THE PROBLEM:
Omit all pictures and transcribe only the lines in the entries below that run from the line with "réduction observée de" through the line with "Based on these".

═════ PROVIDED ENTRIES ═════

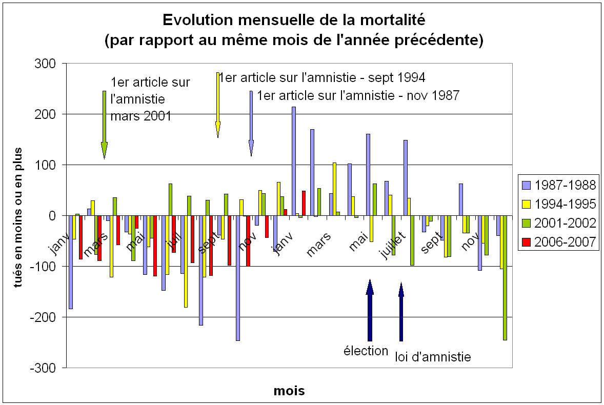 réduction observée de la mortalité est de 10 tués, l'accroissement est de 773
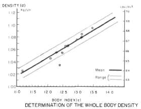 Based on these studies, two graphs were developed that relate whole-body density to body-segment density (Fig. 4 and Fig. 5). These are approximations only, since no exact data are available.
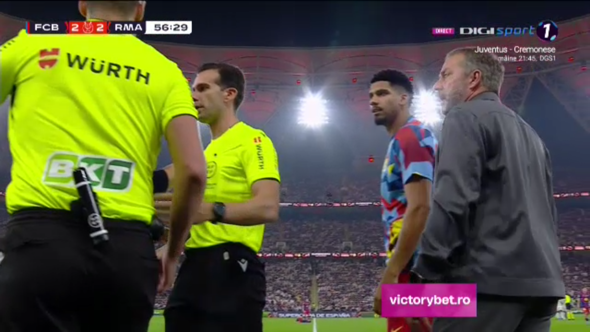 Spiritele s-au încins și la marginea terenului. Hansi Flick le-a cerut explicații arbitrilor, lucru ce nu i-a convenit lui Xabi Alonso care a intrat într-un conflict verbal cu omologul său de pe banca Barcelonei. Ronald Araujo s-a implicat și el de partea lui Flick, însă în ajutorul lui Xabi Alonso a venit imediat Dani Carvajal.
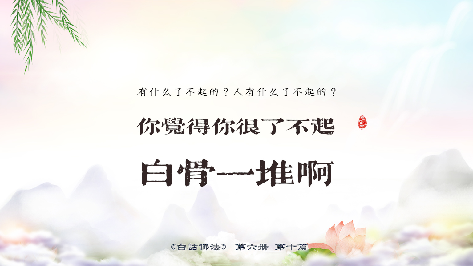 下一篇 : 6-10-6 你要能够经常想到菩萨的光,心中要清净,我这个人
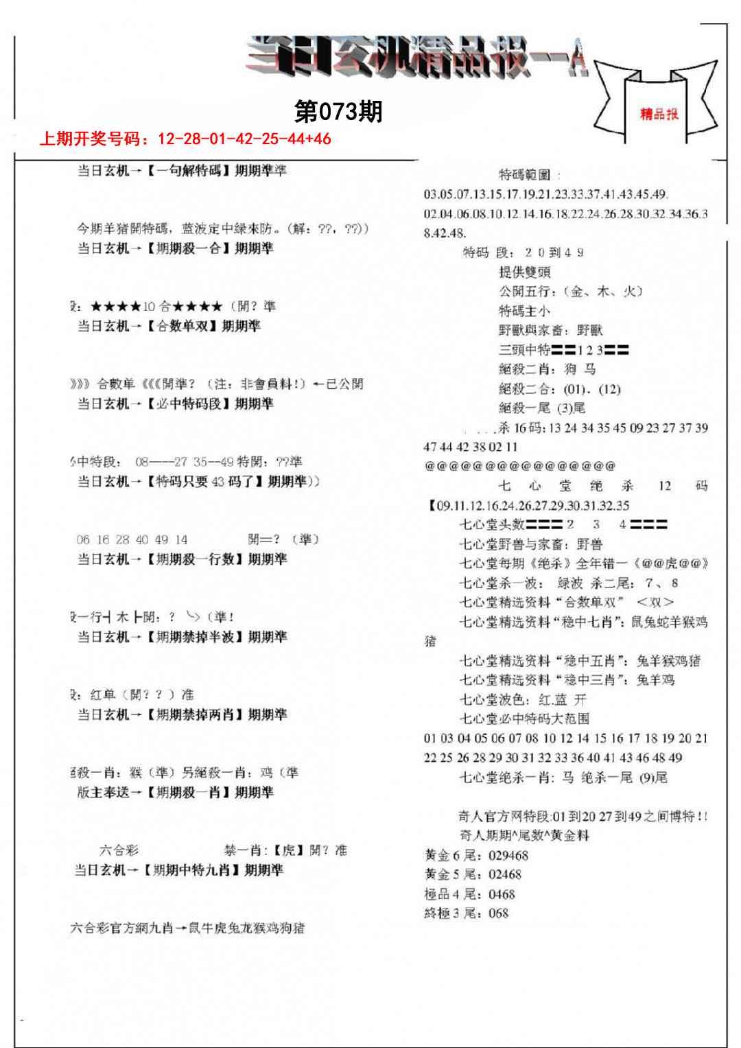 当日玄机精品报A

═════
═════ PROVIDED ENTRIES ═════

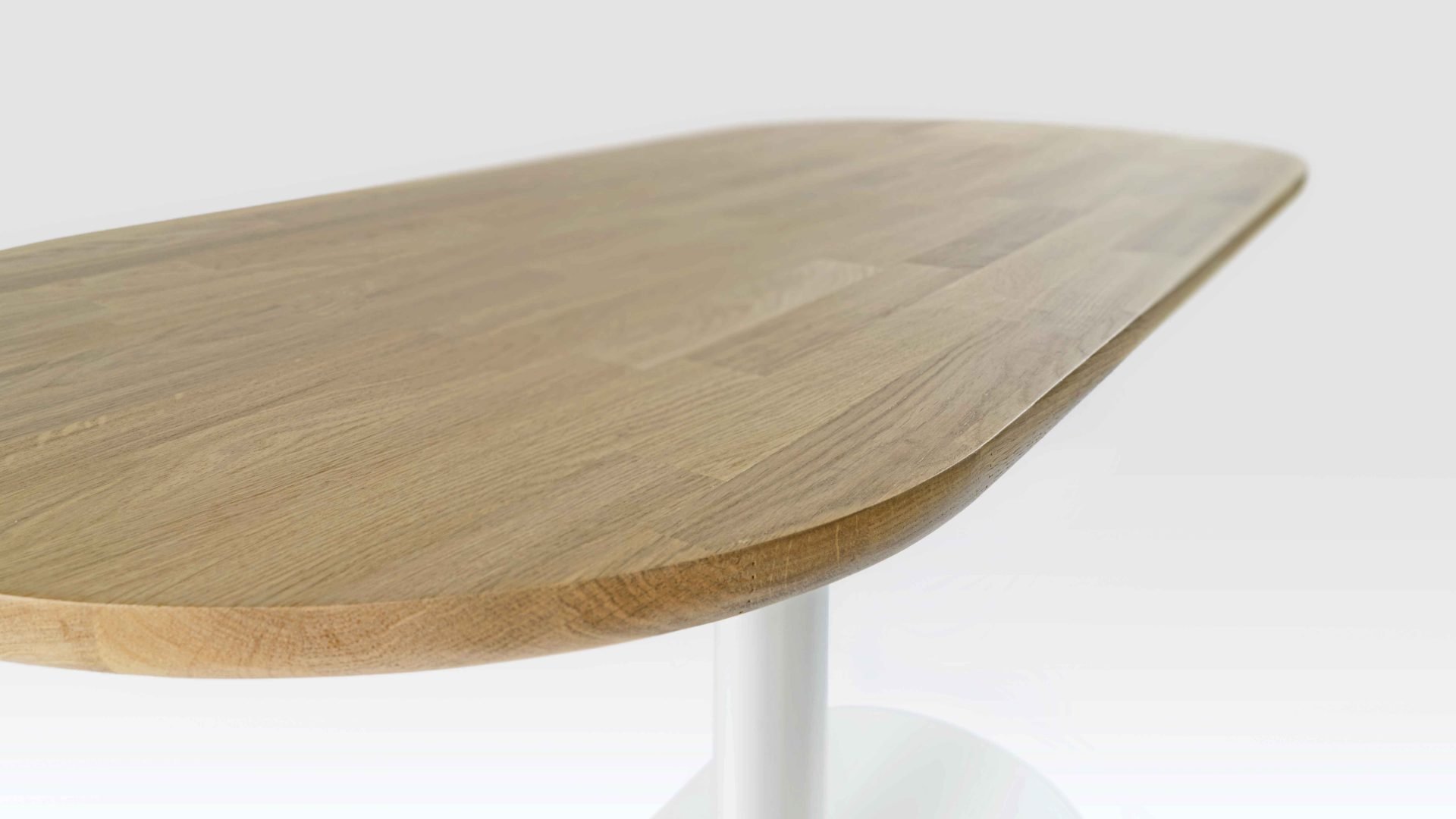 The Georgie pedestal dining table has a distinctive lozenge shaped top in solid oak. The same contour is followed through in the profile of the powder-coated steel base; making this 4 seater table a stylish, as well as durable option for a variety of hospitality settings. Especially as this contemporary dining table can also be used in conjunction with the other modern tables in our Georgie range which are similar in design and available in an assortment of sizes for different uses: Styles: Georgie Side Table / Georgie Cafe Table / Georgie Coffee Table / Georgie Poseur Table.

═════

SOLUTION FOR THIS TASK:
 réduction observée de la mortalité est de 10 tués, l'accroissement est de 773
 Based on these studies, two graphs were developed that relate whole-body density to body-segment density (Fig. 4 and Fig. 5). These are approximations only, since no exact data are available.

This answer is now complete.